Congrats, Regan. That has to be the nicest way of saying "RTFA" I've
seen in awhile. ;)
On Thu, Apr 15, 2010 at 11:57 PM, Regan Murphy
***** Information abut the user agent is available from http://bit.ly/nlnzwebharvest and we don't yet know what IP addresses will be used. *****
Fairly sure the robots.txt was mentioned in the URL provided..... !
-----Original Message----- From: nznog-bounces(a)list.waikato.ac.nz [mailto:nznog-bounces(a)list.waikato.ac.nz] On Behalf Of Scott Weeks Sent: Thursday, 15 April 2010 2:01 p.m.
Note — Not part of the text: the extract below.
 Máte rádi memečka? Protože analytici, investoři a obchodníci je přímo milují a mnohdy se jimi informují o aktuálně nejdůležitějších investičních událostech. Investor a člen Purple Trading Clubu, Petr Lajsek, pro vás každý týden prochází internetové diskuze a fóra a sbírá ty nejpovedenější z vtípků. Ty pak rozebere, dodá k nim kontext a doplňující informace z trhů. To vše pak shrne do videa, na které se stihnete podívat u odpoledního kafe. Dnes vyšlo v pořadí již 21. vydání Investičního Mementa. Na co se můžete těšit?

To: nznog(a)list.waikato.ac.nz Subject: Re: [nznog] Fwd: Notification of web harvest & consultation report
--- Gordon.Paynter(a)natlib.govt.nz wrote: From: "Gordon Paynter"
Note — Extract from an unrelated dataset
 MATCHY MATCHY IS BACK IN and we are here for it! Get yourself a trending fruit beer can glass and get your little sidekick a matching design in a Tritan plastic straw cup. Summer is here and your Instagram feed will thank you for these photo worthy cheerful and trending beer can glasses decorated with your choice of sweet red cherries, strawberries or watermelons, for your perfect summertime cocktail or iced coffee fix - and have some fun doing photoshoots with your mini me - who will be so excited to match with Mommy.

Information abut the user agent is available from http://bit.ly/nlnzwebharvest and we don't yet know what IP addresses will be used.
We have no plans to use the If-Modified-Since (or Etag, or similar approaches) for comparison with the 2008 harvest.
If you have concerns about how the crawler may behave on specific websites, feel free to email us directly at web-harvest-2010(a)natlib.govt.nz or get in touch via our feedback form. -------------------------------------------------
Does it honor the robots.txt file?
scott